72. Com efeito, visto que o recurso para o Tribunal de Justiça podia ser legitimamente decidido, em conformidade com os princípios decorrentes da jurisprudência nesta matéria, com base na existência pressuposta de um «incumprimento com um certo grau de gravidade» (v., neste sentido, acórdão Comissão/Cresson, EU:C:2006:455, n.° 72), o Tribunal de Contas podia indicar que a unanimidade necessária para o efeito, na aceção do artigo 6.° do seu Regulamento Interno, não tinha sido obtida, apesar de a larga maioria dos seus membros ter criticado o comportamento imputado no ponto (i) da referida carta.
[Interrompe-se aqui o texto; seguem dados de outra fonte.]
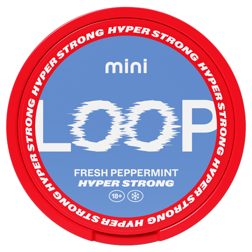 LOOP Fresh Peppermint Hyper Strong Mini är en tobaksfri nikotinpåse från Loop, tillverkad av Another Snus Factory i Sverige. Produkten levereras i mini-format och erbjuder en sval och ren pepparmintsmak. Nikotinhalten är 10,5 mg per prilla och 25 mg per gram, vilket klassificerar produkten som extra stark. Varje dosa innehåller 20 påsar och är helt fri från tobaksblad – ett starkt val för dig som söker hög nikotinhalt i ett extra diskret mini-format.

73. De resto, como foi confirmado por todas as partes na audiência no Tribunal de Justiça, a observação constante dessa mesma carta foi estritamente pessoal e não foi divulgada na imprensa.
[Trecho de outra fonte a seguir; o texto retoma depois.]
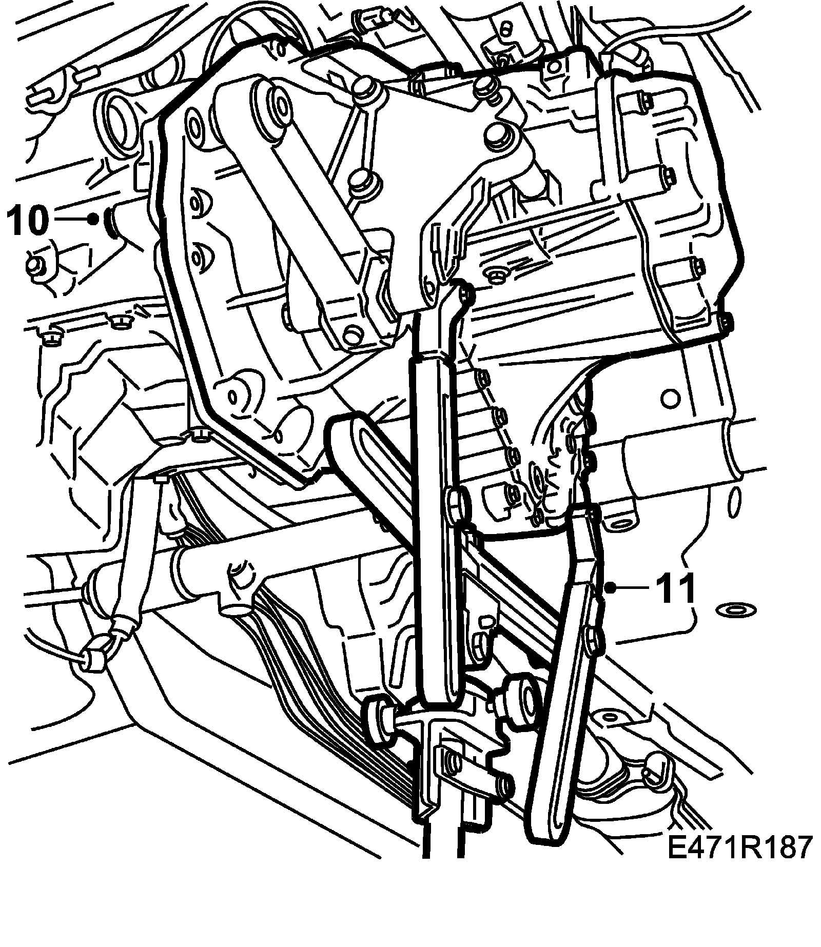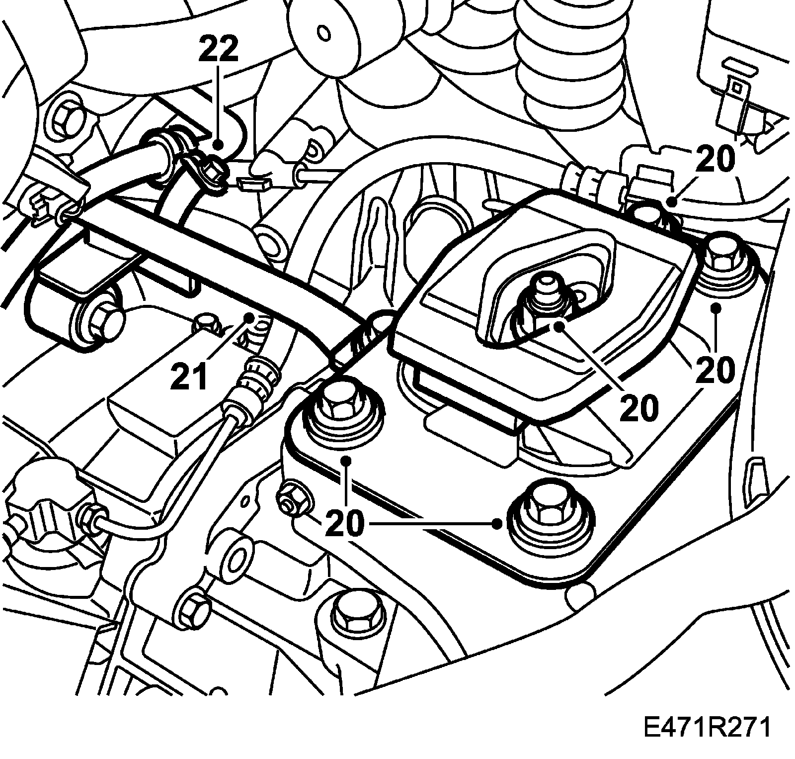 21. Fit the stay (certain models) on the gearbox and the engine pad. Tighten the other upper bolts on the gearbox.

74. Decorre destas circunstâncias que, ao declarar que o conteúdo da carta de 13 de maio de 2004 era legal, o Tribunal Geral de forma alguma reconheceu ao Tribunal de Contas competências em matéria disciplinar, de que não dispunha, nem sequer violou o âmbito das suas competências, visto que não agiu como «órgão jurisdicional disciplinar».

75. Tendo em conta as considerações precedentes, há que julgar o terceiro fundamento totalmente improcedente.

Quanto ao quarto fundamento

Argumentos das partes

76. Na primeira parte do seu quarto fundamento, K. Nikolaou alega que o Tribunal Geral interpretou e aplicou erradamente as regras que regem a responsabilidade extracontratual da Comunidade. Com efeito, no n.° 32 do acórdão recorrido, acrescentou um requisito adicional, não exigido pela jurisprudência, concretamente, o requisito segundo o qual a instituição em causa deve ter agido «de má‑fé».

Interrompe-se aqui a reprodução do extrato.